The 'passive beloved'
That leads to one of the effects of globalisation on cities. The new global
elite, operating in cities like New York, London and Chicago, avoids the
urban political realm. It wants to operate in the city but not rule it; it
composes a regime of power without responsibility.
In Chicago in 1925, for example, political and economic power went hand in
hand. Presidents of the city's top 80 corporations sat on 142 hospital
boards, accounted for 70% of the trustees of colleges and universities. Tax
revenues from 18 national corporations in Chicago formed 23% of the city's
municipal budget. By contrast, in New York now, few chief executives of
global firms are trustees of its educational institutions and none sit on
the boards of its hospitals. And it has been well documented how footloose
multinational companies like Rupert Murdoch's News Corp manage largely to
avoid paying taxes, local or national.
The reason for this change is that the global economy is not rooted in the
city in the sense of depending on control of the city as a whole. It is
instead an island economy, literally so within the island of Manhattan in
New York, architecturally so in places like Canary Wharf in London, which
resemble the imperial compounds of an earlier era. As sociologists John
Mollenkopf and Manuel Castells have shown, this global wealth does not
trickle down or spread out very far beyond the global enclave.

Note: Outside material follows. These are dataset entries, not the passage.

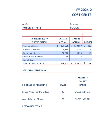 Senior Animal Control Officer 25 $4,680 to $6,272 $ 71,677 1.0 1.0 1.0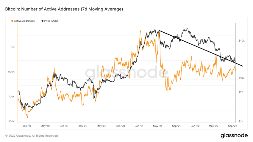 Впрочем, в течение последнего месяца число новых адресов увеличивается и приблизилось к линии нисходящего сопротивления этой дивергенции. Устойчивый рост индикатора может стать сигналом о завершении нисходящего тренда.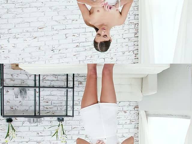Flexible pale and natural brunette slut works on long fat cocks (MMMF)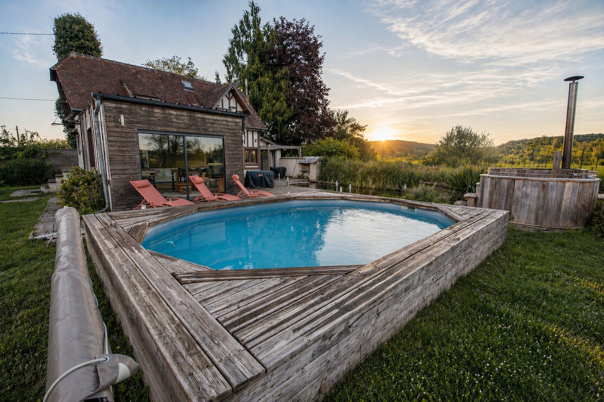 Trenger du en søt og romantisk utflukt? L'Atelier er laget for deg! Et fredelig tilfluktssted i en skogkledd park på én hektar, bare noen skritt fra Giverny og i nærheten av alle fasiliteter. Hjemmet vårt tilbyr all den komforten du trenger i en atmosfære fra begynnelsen av 1900-tallet. Slapp av med årstidene: en koselig vedovn om vinteren, et basseng om sommeren (+ plancha grill/solsenger). Direkte tilgang til skogsløyper. Vi deler gjerne alle våre lokale favorittsteder! Hvis du er ute etter et tidløst tilfluktssted, er dette stedet for deg!

Indeed, the politics of the global enclave cultivates a kind of indifference
to the city which Marcel Proust, in an entirely different context, called
the "passive beloved" phenomenon. Threatening to leave, go anywhere in the
world, the global firm is given enormous tax breaks to stay - a profitable
seduction made possible by the firm appearing indifferent to the places
where it touches down. In other words globalisation poses a problem of
citizenship in cities as well as nations. Cities can't tap into the wealth
of these corporations, and the corporations take little responsibility for
their own presence in the city. The threat of absence, of leaving, makes
possible this avoidance of responsibility; and we lack the political
mechanisms to make unstable, flexible institutions contribute fairly for the
privileges they enjoy in the city.
All this has an impact on urban civil society which rests on a compromise
based on mutual dissociation. That means the truce of leaving one another
alone, the peace of mutual indifference. This is one reason why, on the
positive side, the modern city is like an accordion easily able to expand to
accommodate new waves of migrants - the pockets of difference are sealed. On
the negative side, mutual accommodation through dissociation spells the end
of citizenship practices - which mean understanding divergent interests - as
well as a loss of simple human curiosity about other people.

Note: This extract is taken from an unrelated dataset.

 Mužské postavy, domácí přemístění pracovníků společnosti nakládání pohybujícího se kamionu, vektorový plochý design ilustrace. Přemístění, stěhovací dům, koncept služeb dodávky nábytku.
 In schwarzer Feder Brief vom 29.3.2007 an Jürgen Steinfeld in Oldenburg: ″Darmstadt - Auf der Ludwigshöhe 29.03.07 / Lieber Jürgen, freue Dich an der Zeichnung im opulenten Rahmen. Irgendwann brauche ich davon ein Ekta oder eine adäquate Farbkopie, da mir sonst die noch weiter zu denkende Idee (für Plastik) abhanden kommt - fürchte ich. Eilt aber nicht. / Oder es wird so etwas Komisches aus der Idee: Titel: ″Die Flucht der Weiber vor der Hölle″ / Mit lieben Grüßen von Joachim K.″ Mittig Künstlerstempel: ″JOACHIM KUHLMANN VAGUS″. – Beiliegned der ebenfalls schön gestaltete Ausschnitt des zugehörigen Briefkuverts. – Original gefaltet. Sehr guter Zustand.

At the same time, the flexibility of the modern workplace creates a sense of
incompleteness. Flexible time is serial - you do one project, then another
unrelated one - rather than cumulative. But there is no sense that, because
something is missing in your own life, you should turn outward to others,
toward that "neighbourliness of strangers".
That suggests something about the art of making better cities today. We need
to overlay different activities in the same space, as family activity once
overlay working space. The incompleteness of capitalist time returns us to
the issue which marked the very emergence of the industrial city. A city
which broke apart the domus - that spatial relation which had, before the
coming of industrial capitalism, combined family, work, ceremonial public
spaces and more informal social spaces. Today, we need to repair the
collectivity of space to combat the serial time of modern labour.